In Michael Lewis' new book, which I am now reading, a story is recounted of someone buying a house for 1.157 million in 2005 with a $275 down payment, refinancing it with some funky mortgage that transfers all of the risk to the lender, and then two years later takes out a home equity loan for $491,000. The story is recounted in the NYT book review from Sunday.

Now, if anyone is foolish enough to lend with those standards, loosey goosey is a too kind and exceedingly generous description, why exactly are they being bailed out? This would be comical if it was not so very typical in the bailout nation in need of a bailout.

My main question is now, as it has been for months, the same:  how long will the world finance America's fiscal irresponsibility, a borrow and spend, something for nothing mentality? Sometimes, I fear that Uncle Ben will hold a treasury bill auction  some Monday and no one will show up.  Isn't this debt binge just some kind of Ponzi scheme, just bigger than anything Bernie ever dreamed of doing?

When a treasury bill auction is held some Monday and no one shows up, it will then be too late, the house will already have burnt to the ground.   

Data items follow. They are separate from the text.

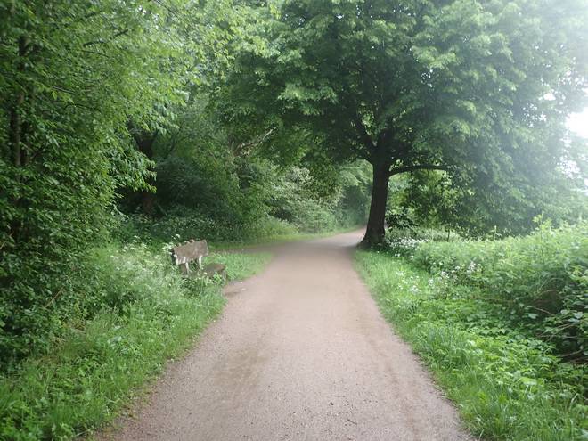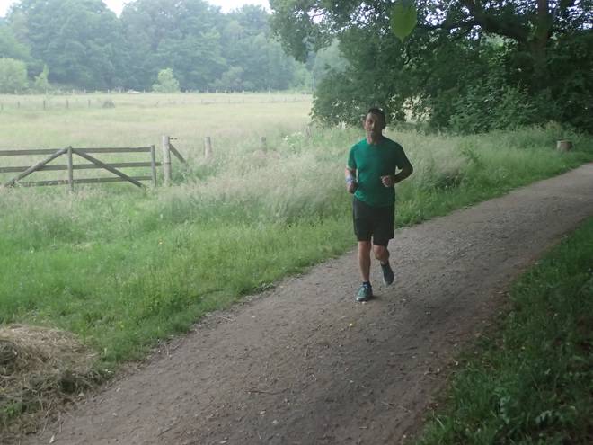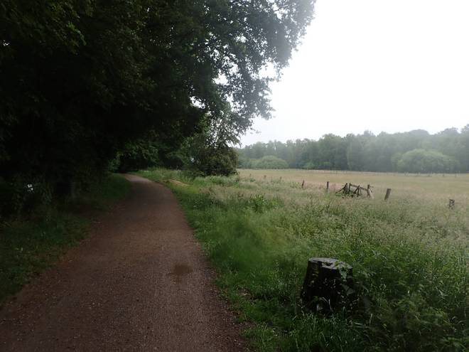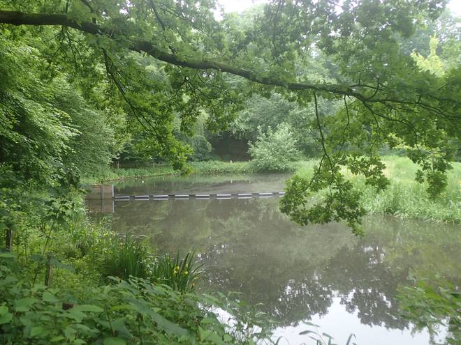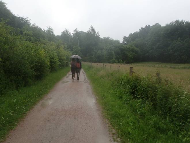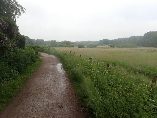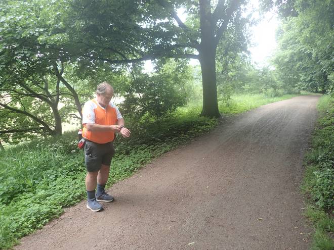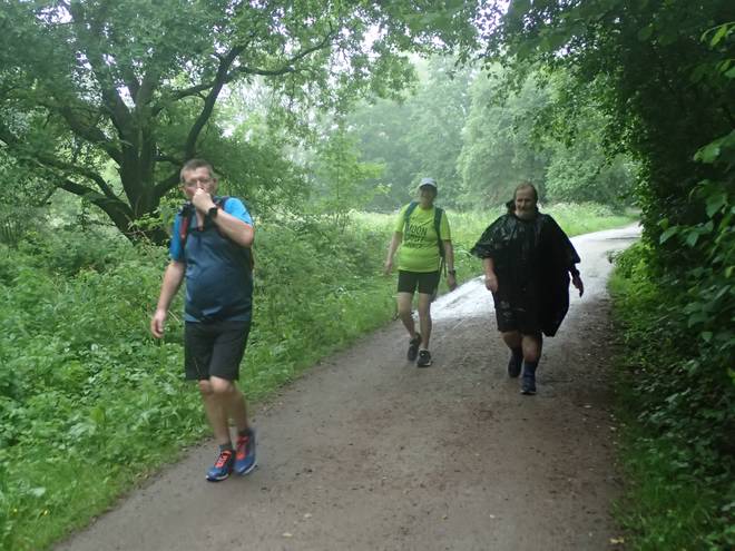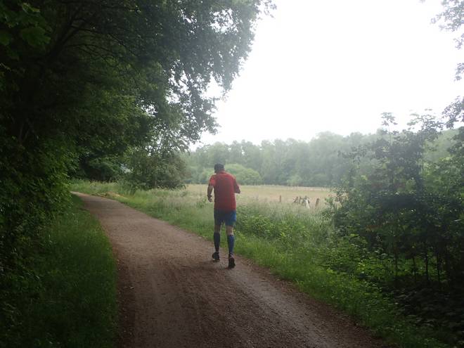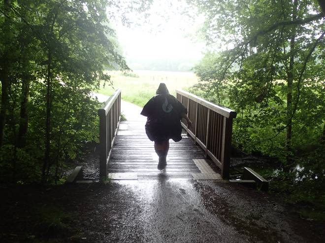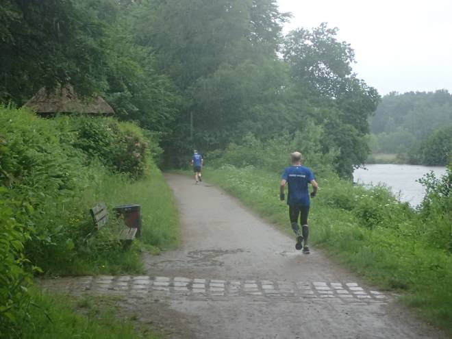 Runde 14 13.34 Uhr / Km 35,6 Ein paar Spaziergänger waren trotz des Regens unterwegs. Aber davon abgesehen hatten wir die Teichwiesen nun für uns alleine. |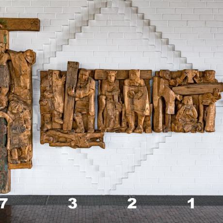 Der Weg, von rechts außen beginnend, geht dem Zerbruch und der Erhöhung des Herrn nach; zugleich ist er auch der Weg des Jesus-Jüngers zu jeder Zeit. Die drei ersten Stationen zeigen (1) Jesus, den in der Todesangst eingeengten und dennoch zum Leiden bereiten Gottesknecht, den Engel zu entlasten versuchen indem sie ihm den Becher der Stärkung reichen. – Dann (2) wäscht sich Pilatus in Unschuld, und Jesus übernimmt Schuld; Recht setzt sich nicht durch, Unrecht nimmt seinen Lauf; die Verurteilung eines Schuldlosen für der Menschen Schuld. – Die 3. Station ist der Ort des dreimaligen Falles; die Last der Welt ist schwer; der Balken der Unmenschlichkeit und Sünde drückt Jesus, den menschlichsten aller Menschen, in die Erde hinein.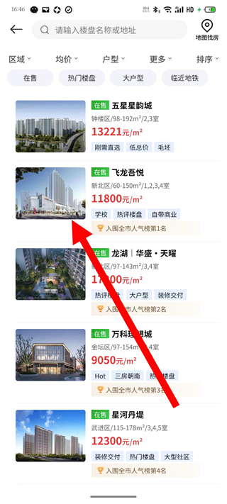 3、在樓盤列表中,點擊選擇目標房源,進入房源詳情頁。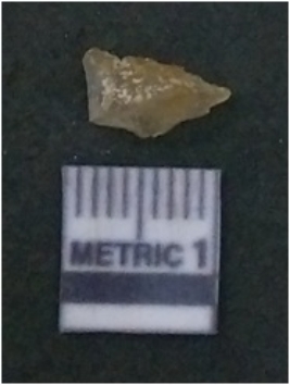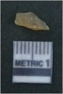 | Description / विवरण | It is chalcedony flake, translucent in appearance. The piece shows sharp pointed ends and flake scars on the surface as a result of flaking. The piece shows a bulb of percussion. |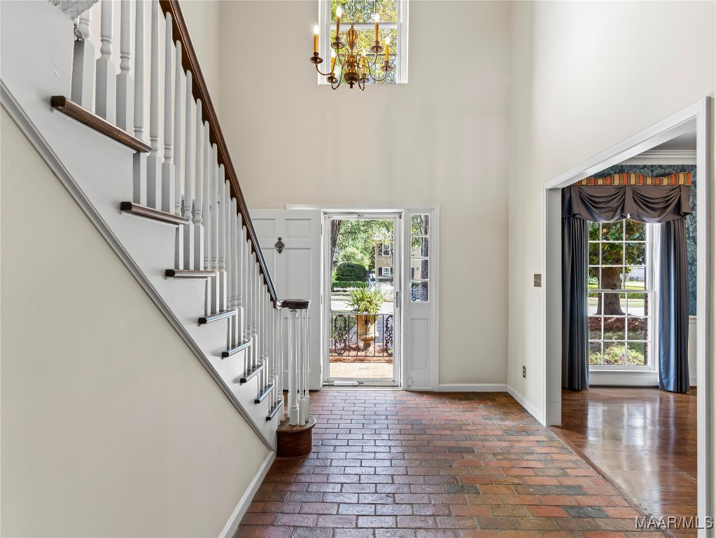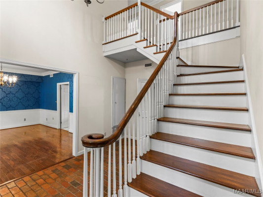Step inside to a welcoming foyer with classic brick flooring and a picture-perfect staircase ideal for memorable photos. The formal living and dining rooms offer elegant spaces for hosting—whether it’s a cozy dinner or a lively celebration.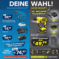 Verlockende Angebote gibt es viele, aber Moment, haben Sie wirklich genau verglichen oder sich nur vom Preis auf den ersten Blick blenden lassen? Beim Discounter um die Ecke gibt es diese Woche Elektrowerkzeuge zu einem interessanten Preis, das haben wir uns einmal näher angeschaut und mit unseren „Ready2Work“ Komplettsets verglichen.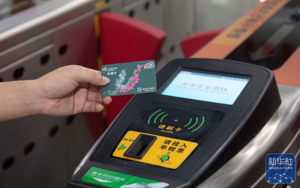 ↑在深圳福田站地鐵閘機出口,用戶持深港互通行卡準(zhǔn)備刷卡(2023年8月30日攝)。新華社記者 毛思倩 攝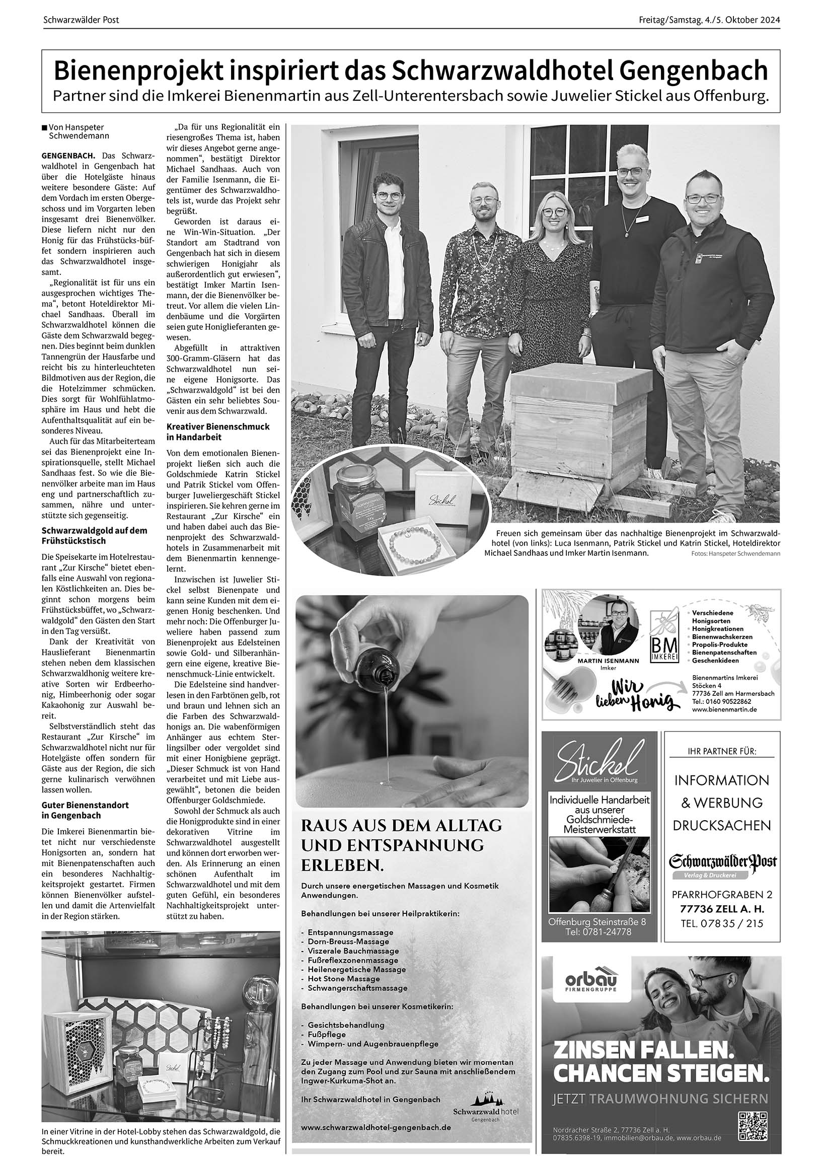 Bienenprojekt inspiriert das Schwarzwaldhotel Gengenbach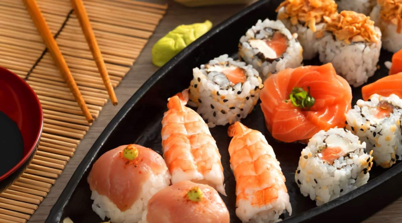 Nigiri de salmón (2 uds.), nigiri de atún (2 uds.), rollo California (4 uds.) y rollo de salmón con queso (4 uds.)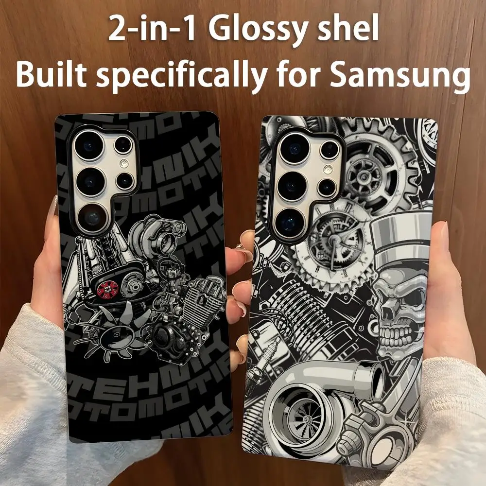 Piezas de coche, funda de teléfono con motor, carcasa brillante 2 en 1 para Samsung Galaxy S25 S24 S23 S22 S21 Plus Ultra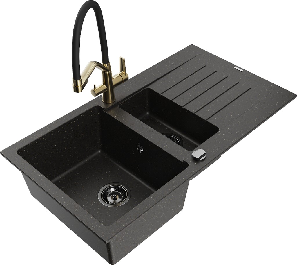 Technická data: dřez: Rozměr: 900x505x200mm Hloubka komory: 180 mm (větší), 115 mm (menší) Rozměry komory: 435x335 mm (větší), 345x150 mm (menší) Průměr odtoku: ø90 mm Typ: 1,5-miska s krátkým odkapávačem Typ: Zapuštěné do pracovní desky Barva: černá/zlatá metalíza Povrchová úprava sifonu: černá Materiál: žula (80 % žulové kamenivo, 20 % pryskyřice) Přepadový otvor: Ano Otvory: (baterie, automatické) 2 Instalace: Univerzální, lze instalovat s odkapávačem na levou nebo pravou stranu Vysoká odolnost proti poškrábání a změně barvy Odolnost proti tepelným šokům Snadno čistitelný povrch Dva dodatečné vyfrézované otvory pro samoděrování ø35 kuchyňská baterie: Materiál: mosaz Povrchová úprava: zlatá/černá Hlavy: Keramické Provzdušňovač: Ano Typ hubice: Flexibilní s mosazným držákem Rozsah výtoku: 260 mm Výška: 405 mm Typ: Dvě rukojeti Dvouhlavá baterie s přídavným filtrem na pitnou vodu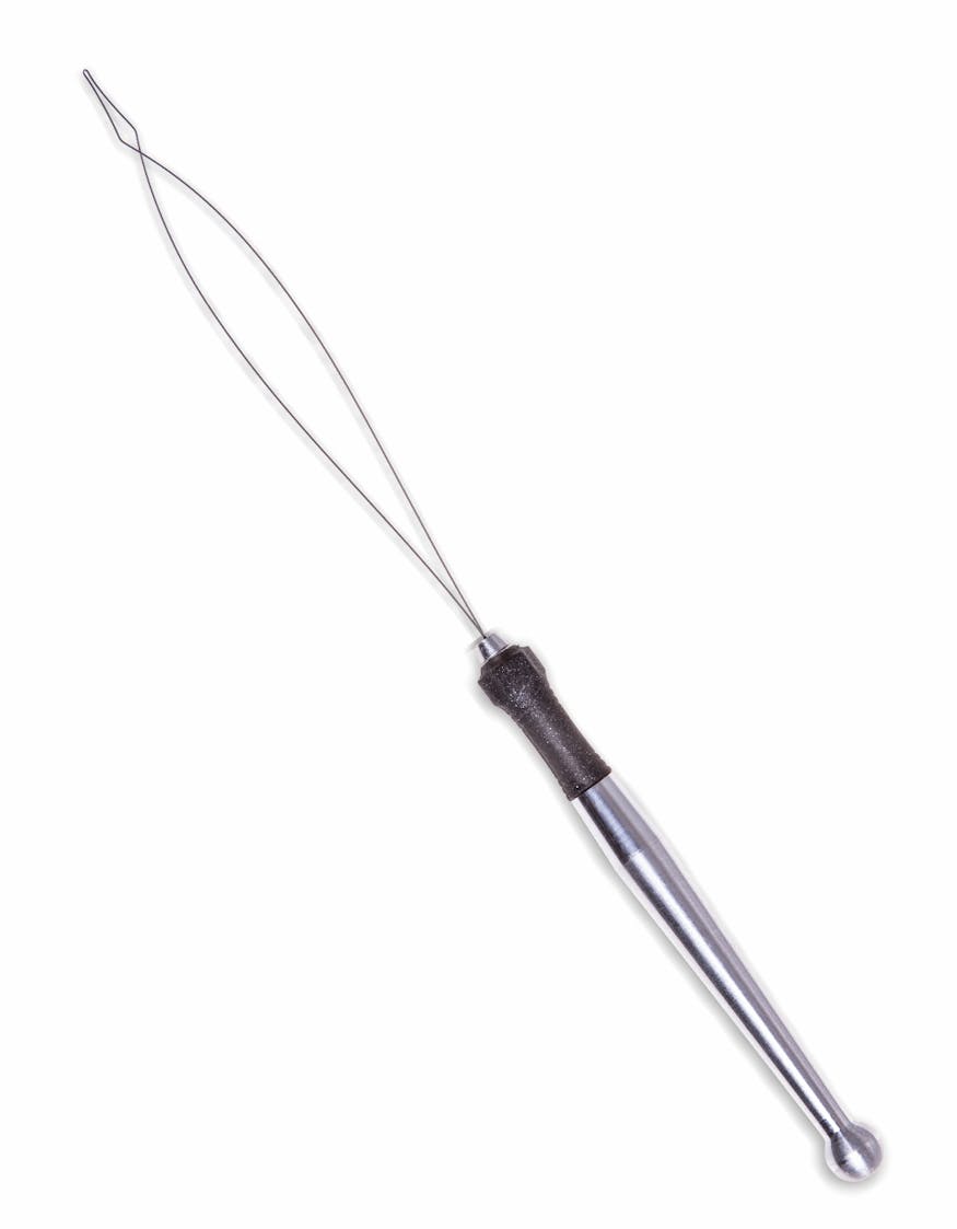 Useful tool to thread the bobbin holder. The soft touch handle has a special hexagonal shape so that the tool won’t roll off the tying table. Instructions included.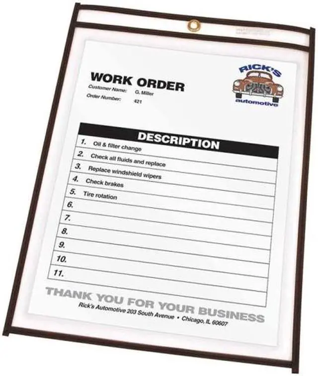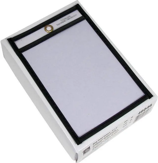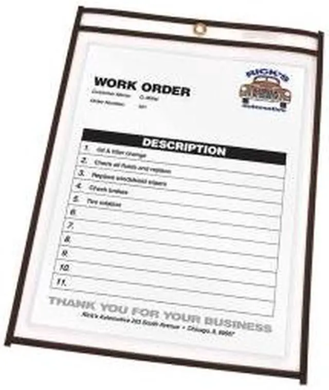 Store and protect work orders, production schedules, inventory cards and more in these stitched, shop ticket holders. Strong, rigid, clear vinyl allows easy visibility of documents. Convenient eyelet at top allows hanging. Reinforced stitched edge delivers longer product life. Both sides are clear. Holders open on short side.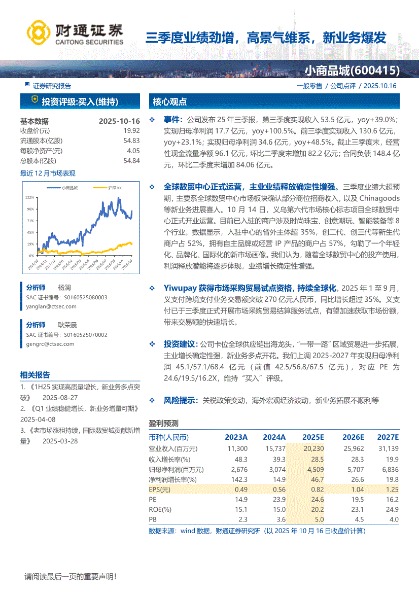 财通证券-小商品城-600415-三季度业绩劲增,高景气维系,新业务爆发-251016
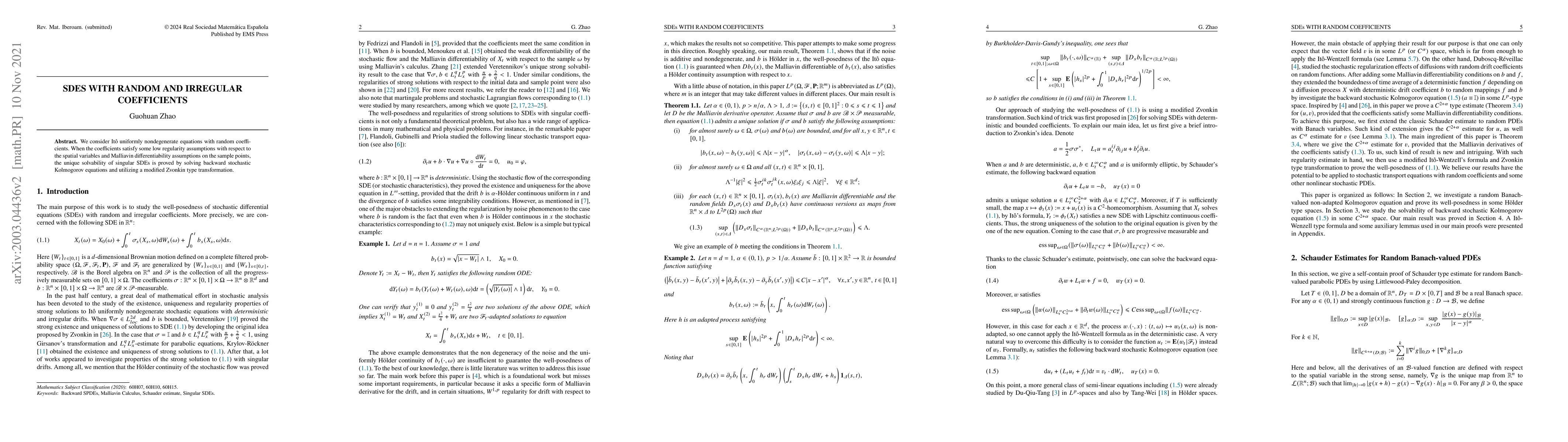 We consider It\^o uniformly nondegenerate equations with random coefficients. When the coefficients satisfy some low regularity assumptions with respect to the spatial variables and Malliavin differentiability assumptions on the sample points, the unique solvability of singular SDEs is proved by solving backward stochastic Kolmogorov equations and utilizing a modified Zvonkin type transformation.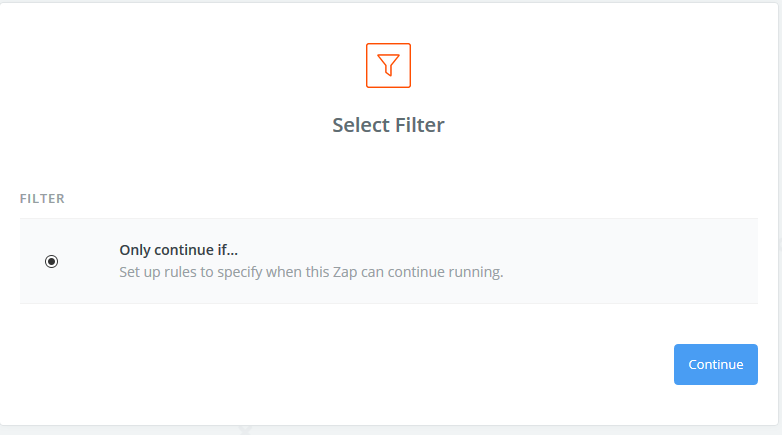 After setting up a Zap like the one described above, add a Filter step by clicking the Plus sign between the first and second steps of the Zap on the left-hand side, and click the “Filter” option that appears:

Someday, during my lifetime, I would expect that the debt of the U.S. to be downgraded way below its current AAA status. Possibly at some time in the distant future, Americans will become concerned about a 500 billion dollar annual interest payment on the national debt, maybe when the interest payments expand to a trillion just because interest rates had to rise to attract reluctant foreigners to buy our paper.  That hope, not based on any existing observation of actual events, may seem optimistic for even a delusional pollyanna. I for one would not mistake something that is working here and now as a guarantee for what the future will hold. Gold and silver will remain a constant part of my asset allocation for the foreseeable future.    

The decision by Kuwait will cause me to avoid buying both the common stock and bonds of Dow Chemical.

I was already concerned about the 15.3 billion dollar price tag Dow was paying for Rohm & Haas and the cancellation of the 7.5 billion dollar payment by Kuwait makes Dow look even more dicey to me. I no longer have a position in Dow. Notable News 10 23 2008

I have worked hard this year to lose money.  My only consolation is that I have once again beaten the S & P 500, handily this year, with less volatility and risk. It looks like a down 15% year. The positives were my higher than normal cash allocation, my individual bond selections (including TCs and preferred stock issues),  all of my bond ETFs (some sold for a good profit like BND, BSV, & BWX, with the later one only bought back), my short term trading of stocks, and my forays into the double short ETFs during the first nine months (unfortunately none held after the Lehman bankruptcy). The main negatives were all of my stock and closed end funds with 50% losses being sort of the norm and the Loomis Sayles bond mutual funds. My worst hold for an individual security that I kept for the entire year was BAC.  I need to have some forced introspection on that one.

I still have both short and long term capital gains. In a year this bad, I see no reason to have a net in either of those categories. To offset most of what is left, I will make the best use that I can of the failed investment in one of my two Loomis Sayles' bond mutual funds, down almost 25% this year. I can at least reduce my tax bite by selling it now. In effect I will be netting their significant failures as managers of a bond portfolio in 2008 with my realized gains from individual bond selections this year.  But it was my failure in selecting this fund.